▸ Exercise goal
Without the pictures, copy the entries below word for word.

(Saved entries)
━━━━━━━━━━
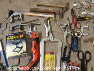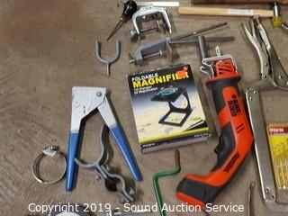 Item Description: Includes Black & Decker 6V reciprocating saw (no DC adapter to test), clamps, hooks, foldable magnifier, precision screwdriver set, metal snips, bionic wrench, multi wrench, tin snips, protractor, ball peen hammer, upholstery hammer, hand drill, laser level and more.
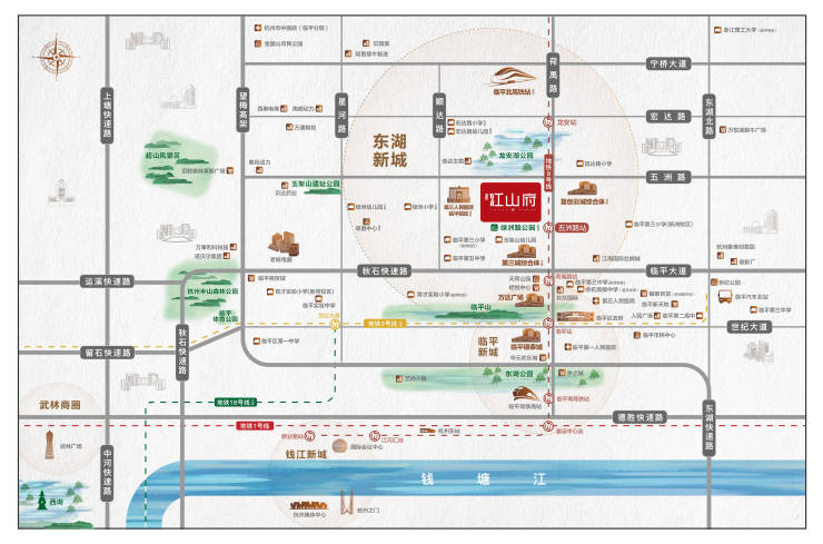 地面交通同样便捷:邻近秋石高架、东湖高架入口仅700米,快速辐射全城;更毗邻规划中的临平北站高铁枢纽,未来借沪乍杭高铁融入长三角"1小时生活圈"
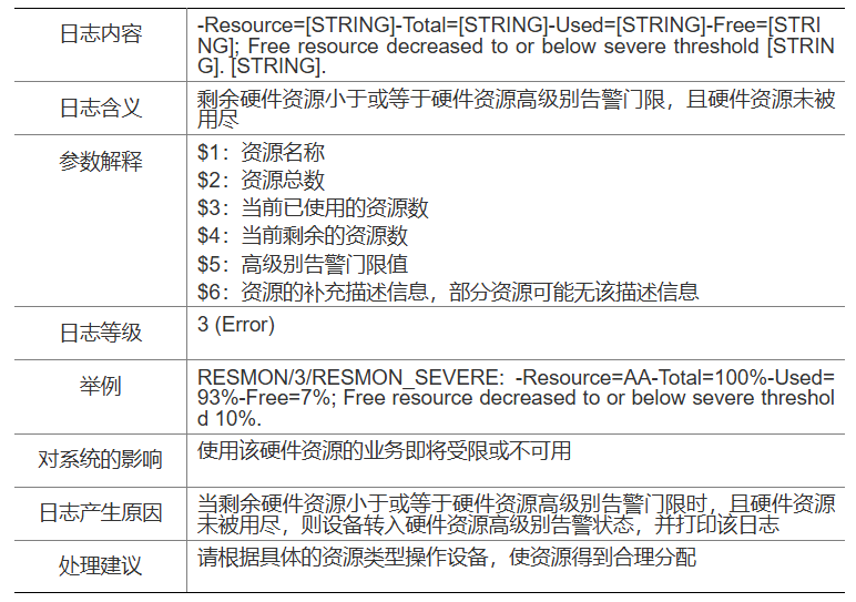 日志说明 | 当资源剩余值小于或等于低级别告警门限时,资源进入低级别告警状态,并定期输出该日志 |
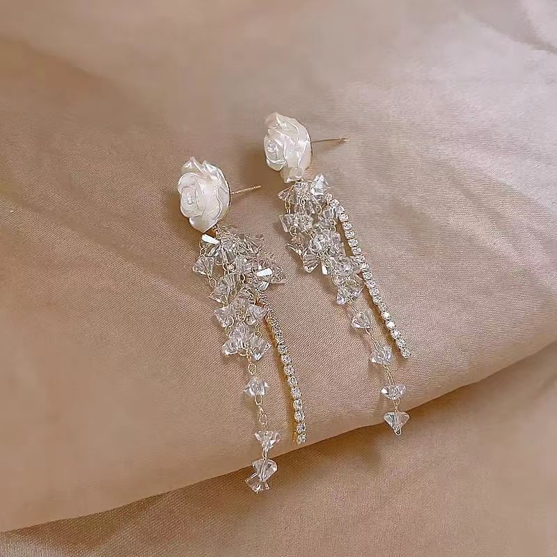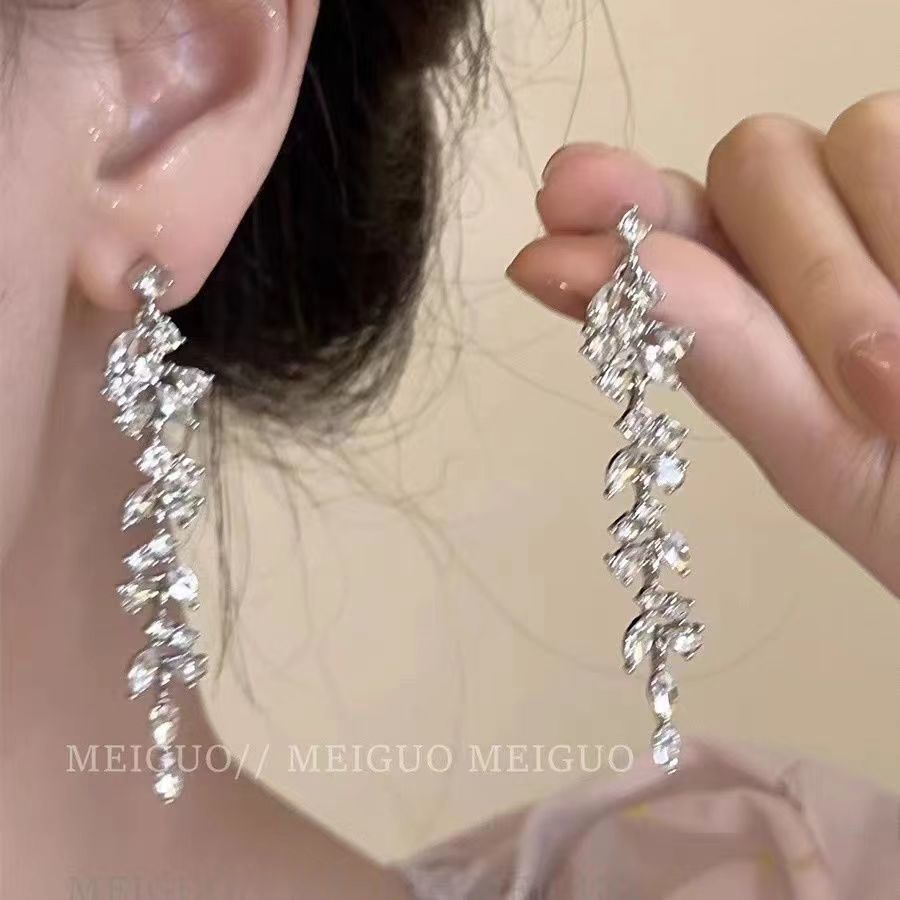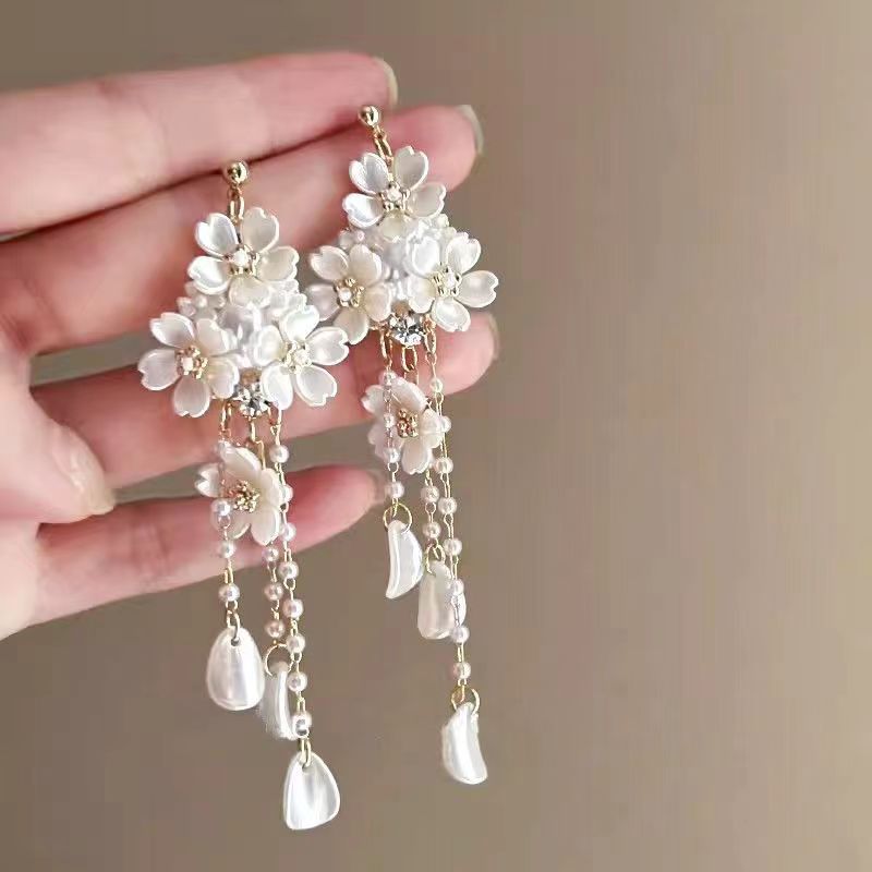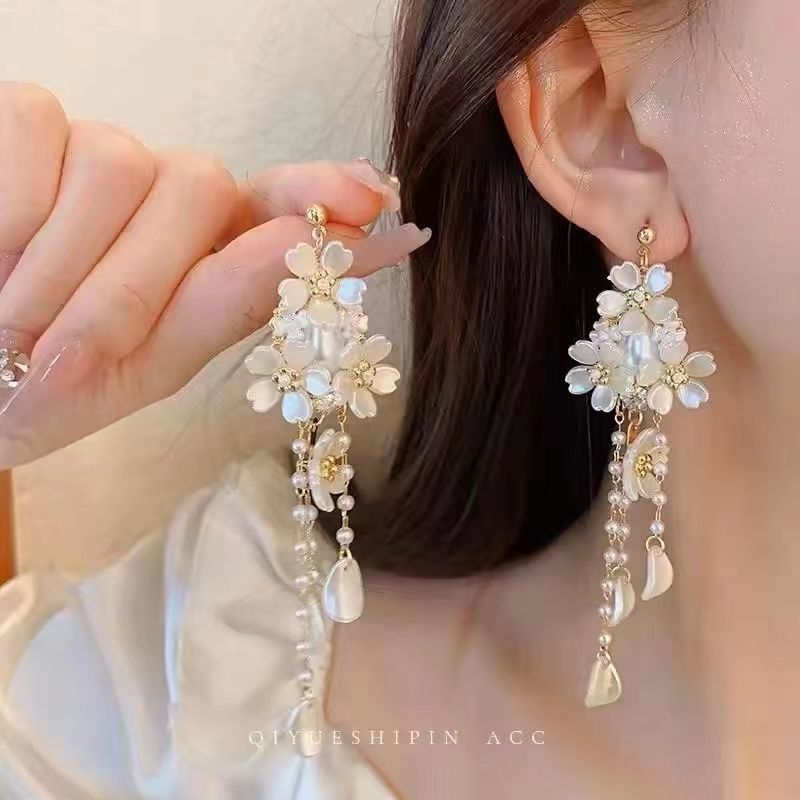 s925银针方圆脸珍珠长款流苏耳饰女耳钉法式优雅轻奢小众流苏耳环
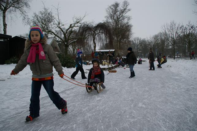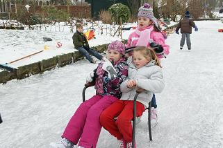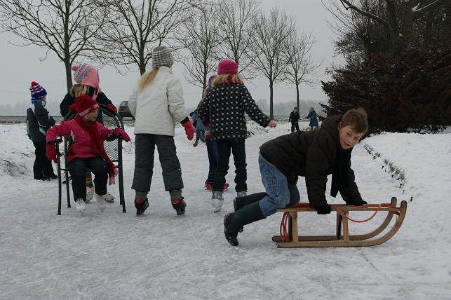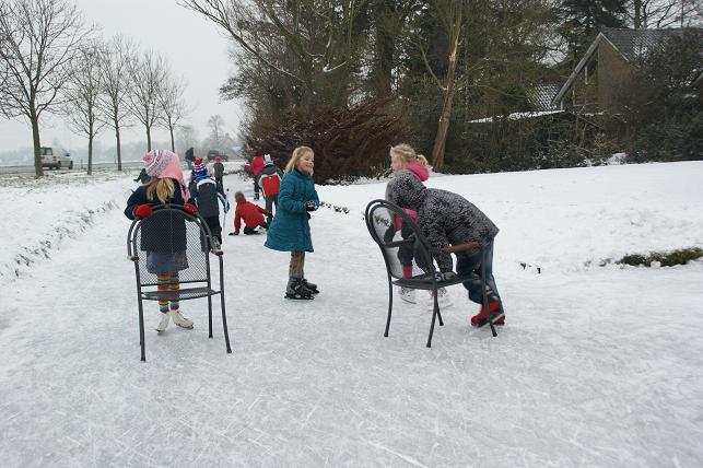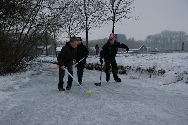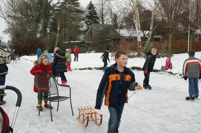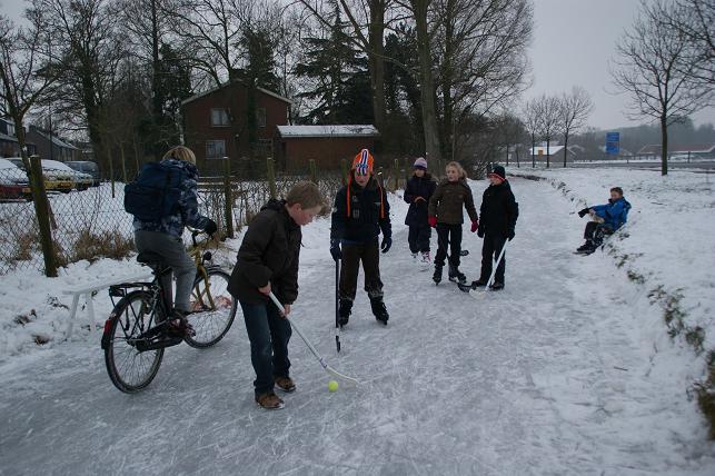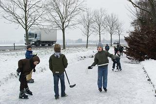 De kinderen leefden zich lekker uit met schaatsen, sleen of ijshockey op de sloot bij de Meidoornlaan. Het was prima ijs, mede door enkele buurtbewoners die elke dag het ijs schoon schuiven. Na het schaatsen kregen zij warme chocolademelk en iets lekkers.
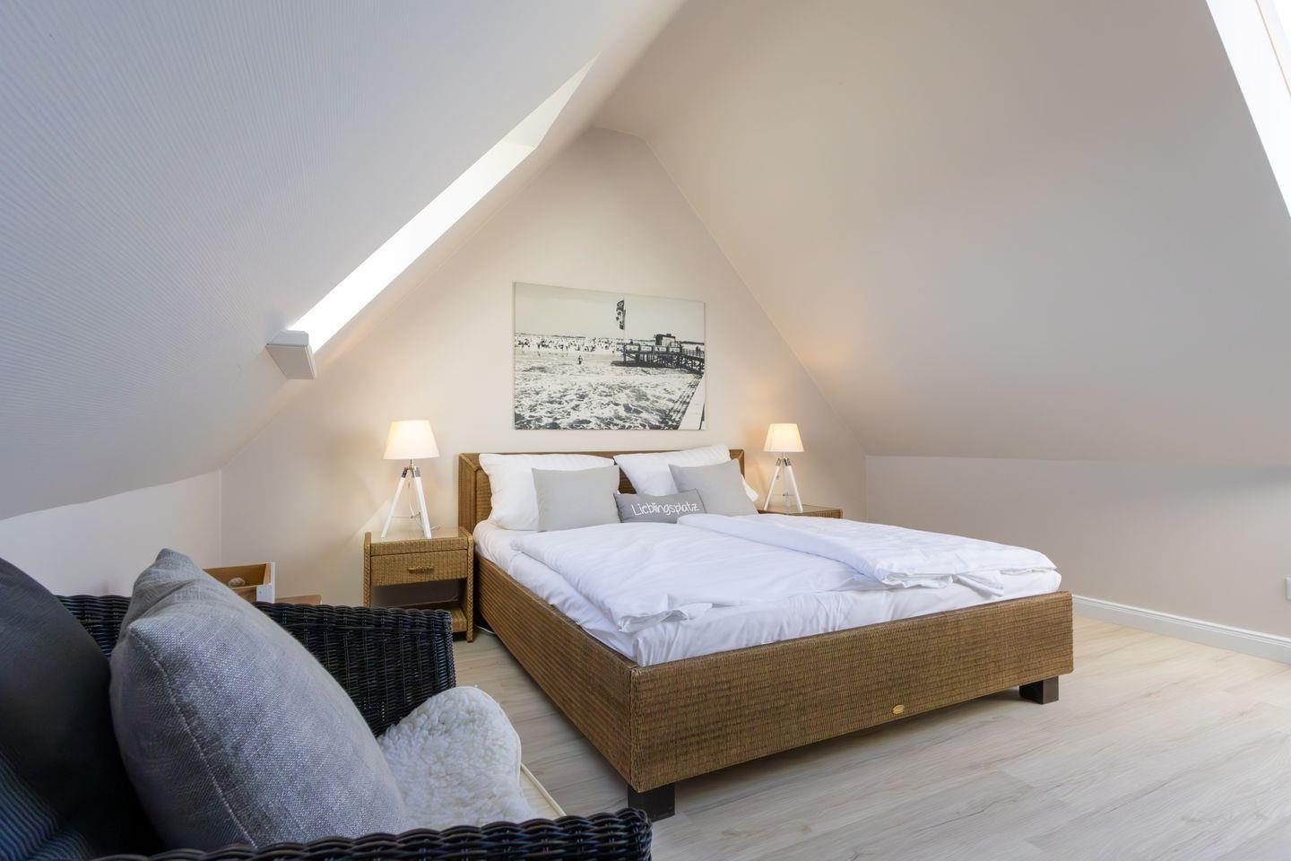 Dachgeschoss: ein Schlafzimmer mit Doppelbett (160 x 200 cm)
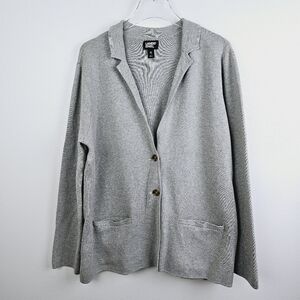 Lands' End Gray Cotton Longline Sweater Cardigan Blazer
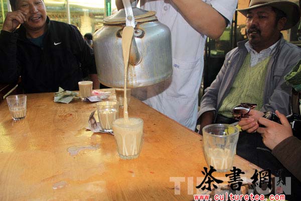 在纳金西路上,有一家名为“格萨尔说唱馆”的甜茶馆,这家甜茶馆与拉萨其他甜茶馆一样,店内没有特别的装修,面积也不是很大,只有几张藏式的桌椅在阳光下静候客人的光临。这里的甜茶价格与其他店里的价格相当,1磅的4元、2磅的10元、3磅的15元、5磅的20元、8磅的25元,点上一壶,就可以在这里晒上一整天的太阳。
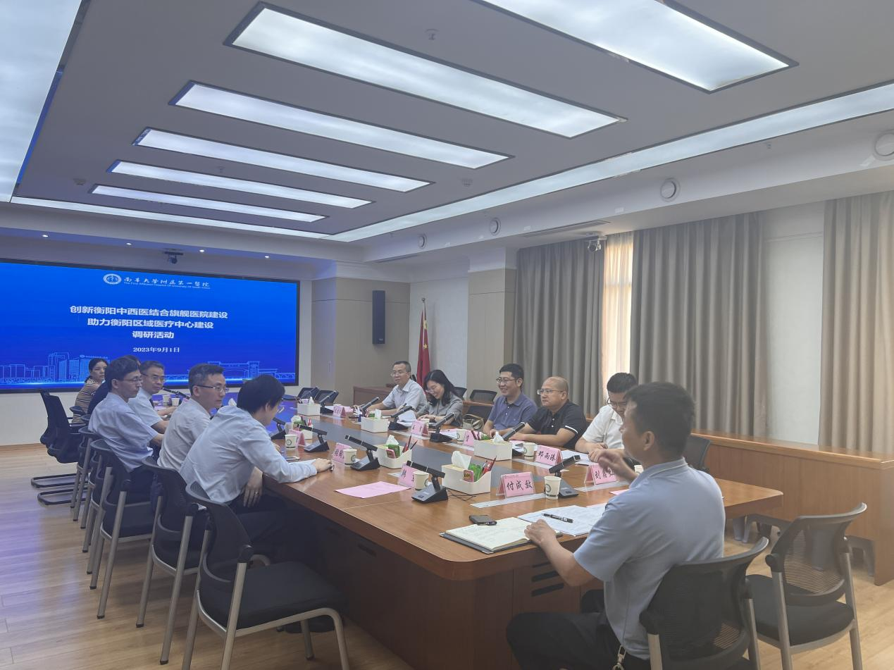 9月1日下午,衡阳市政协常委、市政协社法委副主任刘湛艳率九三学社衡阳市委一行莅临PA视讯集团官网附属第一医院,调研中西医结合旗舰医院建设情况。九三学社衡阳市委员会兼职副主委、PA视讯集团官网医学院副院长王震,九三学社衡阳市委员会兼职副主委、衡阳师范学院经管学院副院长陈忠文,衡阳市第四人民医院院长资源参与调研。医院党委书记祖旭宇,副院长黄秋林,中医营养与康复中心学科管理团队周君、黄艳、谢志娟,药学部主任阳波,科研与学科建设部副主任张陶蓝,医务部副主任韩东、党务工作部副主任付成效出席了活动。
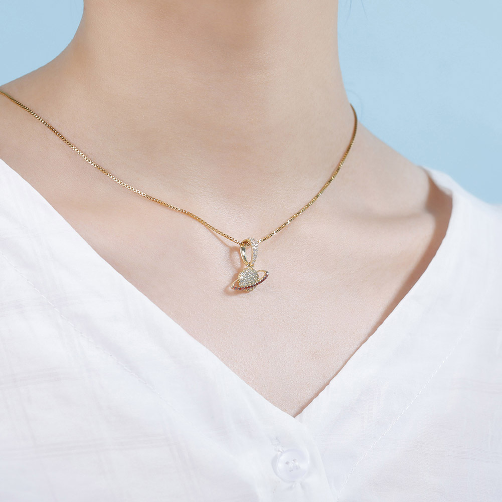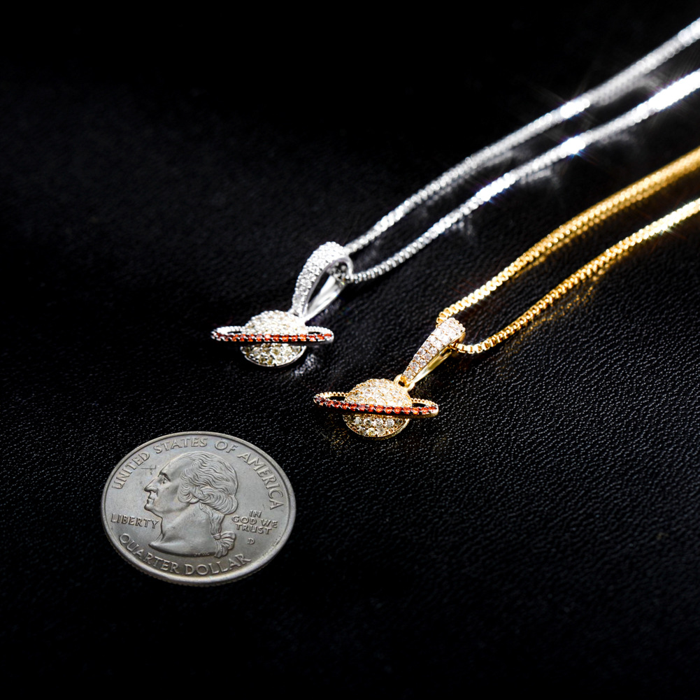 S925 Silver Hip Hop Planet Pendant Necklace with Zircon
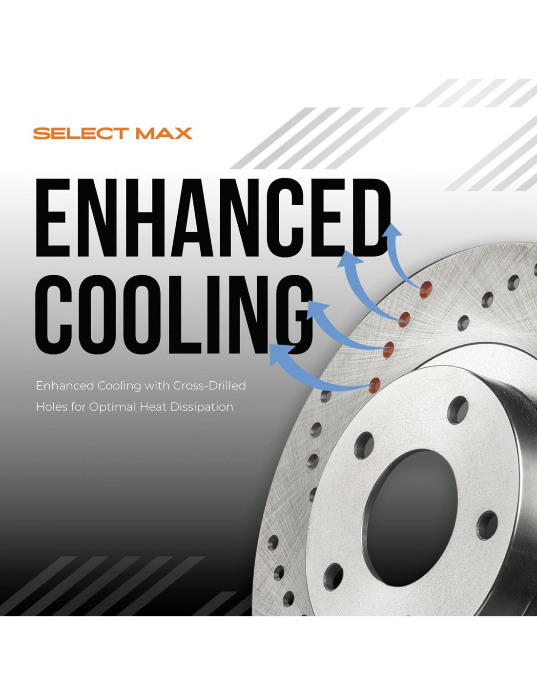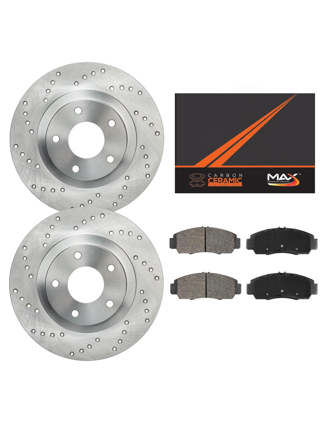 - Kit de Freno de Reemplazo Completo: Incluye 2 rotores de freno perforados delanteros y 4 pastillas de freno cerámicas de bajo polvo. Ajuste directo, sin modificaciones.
━━━━━━━━━━
▸ Task solution
 Item Description: Includes Black & Decker 6V reciprocating saw (no DC adapter to test), clamps, hooks, foldable magnifier, precision screwdriver set, metal snips, bionic wrench, multi wrench, tin snips, protractor, ball peen hammer, upholstery hammer, hand drill, laser level and more.
 地面交通同样便捷:邻近秋石高架、东湖高架入口仅700米,快速辐射全城;更毗邻规划中的临平北站高铁枢纽,未来借沪乍杭高铁融入长三角"1小时生活圈"
 日志说明 | 当资源剩余值小于或等于低级别告警门限时,资源进入低级别告警状态,并定期输出该日志 |
 s925银针方圆脸珍珠长款流苏耳饰女耳钉法式优雅轻奢小众流苏耳环
 De kinderen leefden zich lekker uit met schaatsen, sleen of ijshockey op de sloot bij de Meidoornlaan. Het was prima ijs, mede door enkele buurtbewoners die elke dag het ijs schoon schuiven. Na het schaatsen kregen zij warme chocolademelk en iets lekkers.
 Dachgeschoss: ein Schlafzimmer mit Doppelbett (160 x 200 cm)
 Lands' End Gray Cotton Longline Sweater Cardigan Blazer
 在纳金西路上,有一家名为“格萨尔说唱馆”的甜茶馆,这家甜茶馆与拉萨其他甜茶馆一样,店内没有特别的装修,面积也不是很大,只有几张藏式的桌椅在阳光下静候客人的光临。这里的甜茶价格与其他店里的价格相当,1磅的4元、2磅的10元、3磅的15元、5磅的20元、8磅的25元,点上一壶,就可以在这里晒上一整天的太阳。
 9月1日下午,衡阳市政协常委、市政协社法委副主任刘湛艳率九三学社衡阳市委一行莅临PA视讯集团官网附属第一医院,调研中西医结合旗舰医院建设情况。九三学社衡阳市委员会兼职副主委、PA视讯集团官网医学院副院长王震,九三学社衡阳市委员会兼职副主委、衡阳师范学院经管学院副院长陈忠文,衡阳市第四人民医院院长资源参与调研。医院党委书记祖旭宇,副院长黄秋林,中医营养与康复中心学科管理团队周君、黄艳、谢志娟,药学部主任阳波,科研与学科建设部副主任张陶蓝,医务部副主任韩东、党务工作部副主任付成效出席了活动。
 S925 Silver Hip Hop Planet Pendant Necklace with Zircon
 - Kit de Freno de Reemplazo Completo: Incluye 2 rotores de freno perforados delanteros y 4 pastillas de freno cerámicas de bajo polvo. Ajuste directo, sin modificaciones.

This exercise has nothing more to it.